[Instructions to follow]
Only a number is expected: how many lines in these records mention the word "como"?

[Start of Attachment]

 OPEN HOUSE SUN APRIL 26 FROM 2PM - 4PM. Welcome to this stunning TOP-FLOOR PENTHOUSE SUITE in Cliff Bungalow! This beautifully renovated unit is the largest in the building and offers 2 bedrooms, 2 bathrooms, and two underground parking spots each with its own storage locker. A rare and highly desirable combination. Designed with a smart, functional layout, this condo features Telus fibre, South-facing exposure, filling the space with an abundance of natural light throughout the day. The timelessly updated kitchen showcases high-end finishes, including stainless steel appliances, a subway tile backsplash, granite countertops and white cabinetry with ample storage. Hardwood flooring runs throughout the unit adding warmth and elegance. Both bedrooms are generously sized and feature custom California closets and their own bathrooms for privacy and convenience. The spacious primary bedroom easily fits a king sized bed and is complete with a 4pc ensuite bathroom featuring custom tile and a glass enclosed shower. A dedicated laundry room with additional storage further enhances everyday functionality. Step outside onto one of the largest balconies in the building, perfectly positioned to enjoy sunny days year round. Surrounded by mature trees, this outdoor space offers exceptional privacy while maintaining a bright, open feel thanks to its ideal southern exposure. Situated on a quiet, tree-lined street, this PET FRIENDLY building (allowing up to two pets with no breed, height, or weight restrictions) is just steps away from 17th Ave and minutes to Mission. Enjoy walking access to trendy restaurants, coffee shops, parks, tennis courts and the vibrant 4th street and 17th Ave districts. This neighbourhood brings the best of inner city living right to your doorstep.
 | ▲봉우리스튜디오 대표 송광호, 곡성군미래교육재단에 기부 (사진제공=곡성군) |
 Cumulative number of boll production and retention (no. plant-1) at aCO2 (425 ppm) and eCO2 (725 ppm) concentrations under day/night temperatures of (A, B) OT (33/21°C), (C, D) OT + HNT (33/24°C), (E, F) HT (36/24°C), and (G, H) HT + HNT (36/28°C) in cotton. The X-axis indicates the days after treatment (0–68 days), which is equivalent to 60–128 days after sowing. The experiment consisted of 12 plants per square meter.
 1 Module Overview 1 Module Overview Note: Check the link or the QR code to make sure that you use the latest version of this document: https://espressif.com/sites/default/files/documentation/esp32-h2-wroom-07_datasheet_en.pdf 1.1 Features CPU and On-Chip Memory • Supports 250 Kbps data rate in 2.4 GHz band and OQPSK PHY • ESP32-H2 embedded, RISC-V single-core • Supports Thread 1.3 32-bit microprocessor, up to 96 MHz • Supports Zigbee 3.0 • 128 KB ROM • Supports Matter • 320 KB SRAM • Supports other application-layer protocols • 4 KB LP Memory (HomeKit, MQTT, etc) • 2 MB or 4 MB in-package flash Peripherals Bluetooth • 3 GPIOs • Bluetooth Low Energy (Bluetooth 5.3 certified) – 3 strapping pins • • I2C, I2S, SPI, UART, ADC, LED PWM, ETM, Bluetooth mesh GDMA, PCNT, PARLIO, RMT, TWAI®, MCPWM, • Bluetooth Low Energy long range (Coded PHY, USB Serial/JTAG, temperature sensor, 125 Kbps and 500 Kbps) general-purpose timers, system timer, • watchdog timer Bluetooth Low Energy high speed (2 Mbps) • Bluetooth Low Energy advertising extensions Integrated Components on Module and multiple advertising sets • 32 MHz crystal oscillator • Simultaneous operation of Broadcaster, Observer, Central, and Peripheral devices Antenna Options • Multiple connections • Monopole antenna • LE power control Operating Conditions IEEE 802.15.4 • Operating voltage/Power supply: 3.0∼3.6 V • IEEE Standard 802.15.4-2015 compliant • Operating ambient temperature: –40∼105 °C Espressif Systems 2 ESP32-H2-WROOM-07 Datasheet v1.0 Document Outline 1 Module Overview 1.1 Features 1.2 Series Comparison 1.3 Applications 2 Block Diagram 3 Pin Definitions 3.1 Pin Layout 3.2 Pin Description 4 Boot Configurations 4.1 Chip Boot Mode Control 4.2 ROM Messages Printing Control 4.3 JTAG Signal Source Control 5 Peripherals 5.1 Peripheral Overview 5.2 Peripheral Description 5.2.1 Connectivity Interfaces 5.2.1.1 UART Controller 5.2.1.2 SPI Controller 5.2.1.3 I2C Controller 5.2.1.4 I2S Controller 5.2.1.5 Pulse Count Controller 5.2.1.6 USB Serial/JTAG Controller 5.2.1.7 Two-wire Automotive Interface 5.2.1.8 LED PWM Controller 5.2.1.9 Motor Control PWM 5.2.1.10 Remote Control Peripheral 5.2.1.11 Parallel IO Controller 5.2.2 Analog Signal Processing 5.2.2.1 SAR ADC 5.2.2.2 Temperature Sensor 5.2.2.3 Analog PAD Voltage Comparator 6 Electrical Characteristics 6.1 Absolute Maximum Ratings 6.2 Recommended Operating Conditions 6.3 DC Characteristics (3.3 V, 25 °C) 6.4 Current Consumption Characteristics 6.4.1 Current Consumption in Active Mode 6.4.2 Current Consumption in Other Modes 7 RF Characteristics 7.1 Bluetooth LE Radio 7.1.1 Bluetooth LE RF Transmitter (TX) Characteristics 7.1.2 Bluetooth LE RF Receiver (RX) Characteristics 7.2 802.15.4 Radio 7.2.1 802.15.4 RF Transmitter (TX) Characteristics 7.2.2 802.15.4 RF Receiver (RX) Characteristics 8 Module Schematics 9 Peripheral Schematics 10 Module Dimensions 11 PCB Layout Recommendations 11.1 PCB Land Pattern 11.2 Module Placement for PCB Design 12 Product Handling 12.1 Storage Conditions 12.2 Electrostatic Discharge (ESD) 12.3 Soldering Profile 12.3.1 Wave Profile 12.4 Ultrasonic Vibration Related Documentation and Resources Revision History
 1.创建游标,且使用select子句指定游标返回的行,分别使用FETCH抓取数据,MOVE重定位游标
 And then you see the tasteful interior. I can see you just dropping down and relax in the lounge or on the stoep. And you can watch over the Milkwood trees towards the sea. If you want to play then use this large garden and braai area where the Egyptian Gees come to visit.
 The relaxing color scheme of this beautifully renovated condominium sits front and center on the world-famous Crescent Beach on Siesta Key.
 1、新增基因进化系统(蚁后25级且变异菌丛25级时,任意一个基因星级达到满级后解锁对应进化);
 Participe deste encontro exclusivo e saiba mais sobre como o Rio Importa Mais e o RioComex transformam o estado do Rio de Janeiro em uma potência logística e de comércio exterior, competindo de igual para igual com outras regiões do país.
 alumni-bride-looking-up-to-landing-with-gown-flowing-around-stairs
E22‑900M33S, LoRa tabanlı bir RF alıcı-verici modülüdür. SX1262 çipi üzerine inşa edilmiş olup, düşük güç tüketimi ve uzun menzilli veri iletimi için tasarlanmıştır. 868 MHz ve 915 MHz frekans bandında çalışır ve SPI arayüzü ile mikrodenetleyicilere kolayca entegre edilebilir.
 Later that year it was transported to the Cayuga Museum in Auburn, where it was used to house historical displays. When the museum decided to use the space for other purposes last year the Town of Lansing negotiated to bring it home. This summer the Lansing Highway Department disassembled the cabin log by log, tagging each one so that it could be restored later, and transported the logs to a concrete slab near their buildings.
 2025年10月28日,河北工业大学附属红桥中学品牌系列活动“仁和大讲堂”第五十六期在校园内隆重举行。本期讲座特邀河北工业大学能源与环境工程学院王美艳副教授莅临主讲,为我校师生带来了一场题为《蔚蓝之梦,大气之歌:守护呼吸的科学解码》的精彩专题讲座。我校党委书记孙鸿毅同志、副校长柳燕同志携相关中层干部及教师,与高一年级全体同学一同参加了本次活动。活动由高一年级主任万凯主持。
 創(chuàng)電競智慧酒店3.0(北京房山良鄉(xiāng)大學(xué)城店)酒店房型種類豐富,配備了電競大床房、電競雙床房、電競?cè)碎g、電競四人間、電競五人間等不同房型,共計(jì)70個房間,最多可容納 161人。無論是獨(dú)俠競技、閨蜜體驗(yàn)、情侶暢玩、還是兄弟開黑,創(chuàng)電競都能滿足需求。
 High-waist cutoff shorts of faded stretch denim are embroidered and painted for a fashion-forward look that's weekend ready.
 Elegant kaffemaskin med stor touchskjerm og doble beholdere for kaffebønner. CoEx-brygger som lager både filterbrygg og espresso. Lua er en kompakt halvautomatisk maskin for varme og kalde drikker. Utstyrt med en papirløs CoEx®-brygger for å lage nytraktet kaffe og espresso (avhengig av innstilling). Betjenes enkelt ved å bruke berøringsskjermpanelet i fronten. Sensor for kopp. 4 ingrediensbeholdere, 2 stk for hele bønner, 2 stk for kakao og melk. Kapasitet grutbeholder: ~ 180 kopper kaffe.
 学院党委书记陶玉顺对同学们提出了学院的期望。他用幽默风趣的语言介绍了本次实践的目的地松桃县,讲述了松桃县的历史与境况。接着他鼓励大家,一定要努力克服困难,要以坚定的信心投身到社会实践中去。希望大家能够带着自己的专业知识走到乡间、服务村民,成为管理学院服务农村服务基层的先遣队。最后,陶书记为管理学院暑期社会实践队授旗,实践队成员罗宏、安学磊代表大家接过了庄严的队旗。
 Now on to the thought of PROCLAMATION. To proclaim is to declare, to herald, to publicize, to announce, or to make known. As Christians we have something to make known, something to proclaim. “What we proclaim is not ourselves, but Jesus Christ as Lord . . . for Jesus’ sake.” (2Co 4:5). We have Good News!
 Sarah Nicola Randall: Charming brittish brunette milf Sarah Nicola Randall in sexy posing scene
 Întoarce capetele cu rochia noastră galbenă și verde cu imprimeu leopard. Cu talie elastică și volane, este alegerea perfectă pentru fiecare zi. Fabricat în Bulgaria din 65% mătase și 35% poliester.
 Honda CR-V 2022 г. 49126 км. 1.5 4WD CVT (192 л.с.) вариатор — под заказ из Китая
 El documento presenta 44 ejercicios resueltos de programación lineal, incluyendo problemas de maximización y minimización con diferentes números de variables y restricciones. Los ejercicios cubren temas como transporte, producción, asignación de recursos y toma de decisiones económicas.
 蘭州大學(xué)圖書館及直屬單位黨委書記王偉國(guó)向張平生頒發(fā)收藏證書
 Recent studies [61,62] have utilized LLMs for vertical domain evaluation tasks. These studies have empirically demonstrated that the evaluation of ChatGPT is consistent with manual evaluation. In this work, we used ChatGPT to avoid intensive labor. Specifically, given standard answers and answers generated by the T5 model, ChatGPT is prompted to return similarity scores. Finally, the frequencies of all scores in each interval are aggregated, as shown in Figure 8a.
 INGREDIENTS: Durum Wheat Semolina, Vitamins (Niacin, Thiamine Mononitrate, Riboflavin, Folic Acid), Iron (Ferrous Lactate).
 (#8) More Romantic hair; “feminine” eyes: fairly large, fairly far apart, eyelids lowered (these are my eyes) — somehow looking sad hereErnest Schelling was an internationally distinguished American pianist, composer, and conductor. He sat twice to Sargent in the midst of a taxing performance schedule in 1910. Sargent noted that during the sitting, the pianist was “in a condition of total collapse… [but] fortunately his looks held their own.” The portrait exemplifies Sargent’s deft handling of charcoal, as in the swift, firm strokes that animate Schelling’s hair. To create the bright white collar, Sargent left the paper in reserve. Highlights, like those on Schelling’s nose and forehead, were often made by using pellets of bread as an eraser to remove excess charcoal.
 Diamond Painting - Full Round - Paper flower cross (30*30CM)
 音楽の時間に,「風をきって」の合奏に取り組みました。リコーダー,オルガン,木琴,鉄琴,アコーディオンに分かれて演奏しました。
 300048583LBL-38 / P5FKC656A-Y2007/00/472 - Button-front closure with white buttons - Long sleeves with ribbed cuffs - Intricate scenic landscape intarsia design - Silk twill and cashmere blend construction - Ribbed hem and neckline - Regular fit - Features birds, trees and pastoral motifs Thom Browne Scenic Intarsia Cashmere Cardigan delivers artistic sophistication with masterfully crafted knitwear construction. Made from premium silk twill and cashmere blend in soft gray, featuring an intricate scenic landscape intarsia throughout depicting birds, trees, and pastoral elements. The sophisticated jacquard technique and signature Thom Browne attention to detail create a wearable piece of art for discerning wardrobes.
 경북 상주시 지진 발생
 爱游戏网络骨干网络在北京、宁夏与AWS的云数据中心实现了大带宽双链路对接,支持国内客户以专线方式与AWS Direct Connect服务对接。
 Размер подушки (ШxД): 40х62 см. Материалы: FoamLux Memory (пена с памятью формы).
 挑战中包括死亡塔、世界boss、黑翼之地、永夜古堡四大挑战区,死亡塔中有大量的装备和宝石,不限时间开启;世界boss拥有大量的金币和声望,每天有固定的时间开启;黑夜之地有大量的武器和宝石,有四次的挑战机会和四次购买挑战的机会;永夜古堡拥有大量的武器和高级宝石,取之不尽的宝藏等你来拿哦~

[End of Attachment]

[Solution below]
2